Phthalate esters affect maturation and function of primate testis tissue ectopically grafted in mice

•Phthalate esters can leach from plastic products leading to environmental exposure.•In fetal rats phthalate exposure causes abnormal development of the male reproductive tract.•Development of immature primate testis exposed to phthalates was studied after xenografting to mouse hosts.•Long term exposure to phthalates reduced steroidogenic gene expression in a dosage and time dependent manner.•Exposure to phthalates affected Sertoli cell number and germ cell differentiation in a dosage and time dependent manner.•The developing primate testis is sensitive to phthalates at levels relevant to human exposure.

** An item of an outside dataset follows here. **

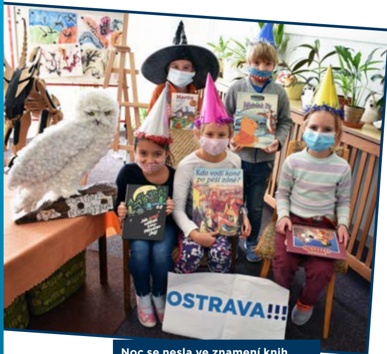
Noc se nesla ve znamení knih o mladém kouzelníkovi.

Di-n-Butyl (DBP) and Di-(2-EthylHexyl) (DEHP) phthalates can leach from daily-use products resulting in environmental exposure. In male rodents, phthalate exposure results in reproductive effects. To evaluate effects on the immature primate testis, testis fragments from 6-month-old rhesus macaques were grafted subcutaneously to immune-deficient mice, which were exposed to 0, 10, or 500 mg/kg of DBP or DEHP for 14 weeks or 28 weeks (DBP only). DBP exposure reduced the expression of key steroidogenic genes, indicating that Leydig cell function was compromised. Exposure to 500 mg/kg impaired tubule formation and germ cell differentiation and reduced numbers of spermatogonia. Exposure to 10 mg/kg did not affect development, but reduced Sertoli cell number and resulted in increased expression of inhibin B. Exposure to DEHP for 14 week also affected steroidogenic genes expression. Therefore, long-term exposure to phthalate esters affected development and function of the primate testis in a time and dosage dependent manner.